Ingevolge artikel 8:108, eerste lid, van de Awb is deze bepaling van overeenkomstige toepassing op het hoger beroep.
Namens appellante is het hoger beroep ingetrokken omdat het Uwv met de gewijzigde beslissing op bezwaar van 4 april 2022 volledig aan de bezwaren van appellante is tegemoetgekomen.
Appellante heeft verzocht om vergoeding van de kosten van rechtsbijstand in beroep en hoger beroep.
Het Uwv heeft te kennen gegeven akkoord te gaan met een veroordeling in de proceskosten.

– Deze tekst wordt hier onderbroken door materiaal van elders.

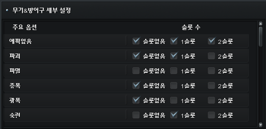- 우측 [무기&방어구 세부 설정] 내 체크 박스를 통해, 원하는 에픽 옵션 및 슬롯 수의 아이템만 추출 가능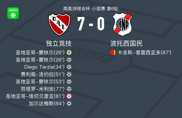 独立竞技7-0血洗波托西国民,圣地亚哥-蒙铁尔梅开二度,加尔达梅斯破门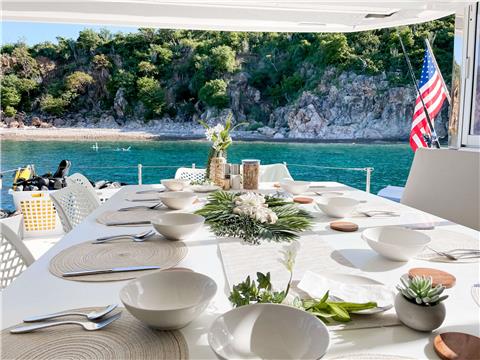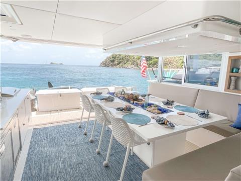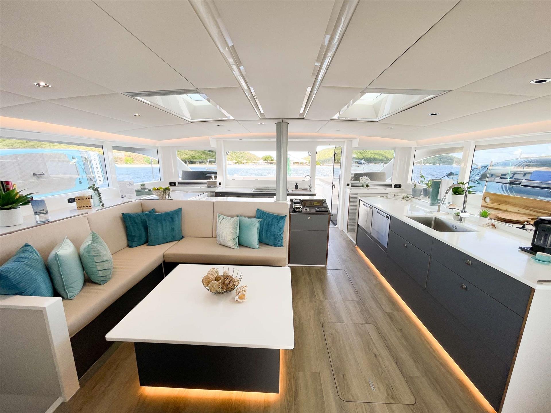 Experience luxury, adventure, and BVI bliss aboard SEVEN, a 2023 Voyage 590 sailing catamaran. With five equal queen cabins for up to 10 guests and four distinctive living and dining spaces, your group will have ample room on board to enjoy your time together or special quiet moments for two.

Aanleiding bestaat om het Uwv te veroordelen in de kosten voor rechtsbijstand die appellante in verband met de behandeling van het beroep en het hoger beroep redelijkerwijs heeft moeten maken. Deze kosten worden, ingevolge het Besluit proceskosten bestuursrecht begroot op € 1.518,- in beroep (1 punt voor het indienen van het beroepschrift en 1 punt voor het verschijnen ter zitting) en € 1.518,- in hoger beroep (1 punt voor het indienen van het hogerberoepschrift en 1 punt voor het bijwonen van de zitting), in totaal € 3.036,-.
Voor vergoeding van het betaalde griffierecht kan appellante zich rechtstreeks tot het Uwv wenden.

BESLISSING

De Centrale Raad van Beroep veroordeelt het Uwv in de proceskosten van appellante tot een bedrag van € 3.036,-.
Deze uitspraak is gedaan door A.I. van der Kris, in tegenwoordigheid van E.X.R. Yi als griffier. De beslissing is uitgesproken in het openbaar op 24 augustus 2022.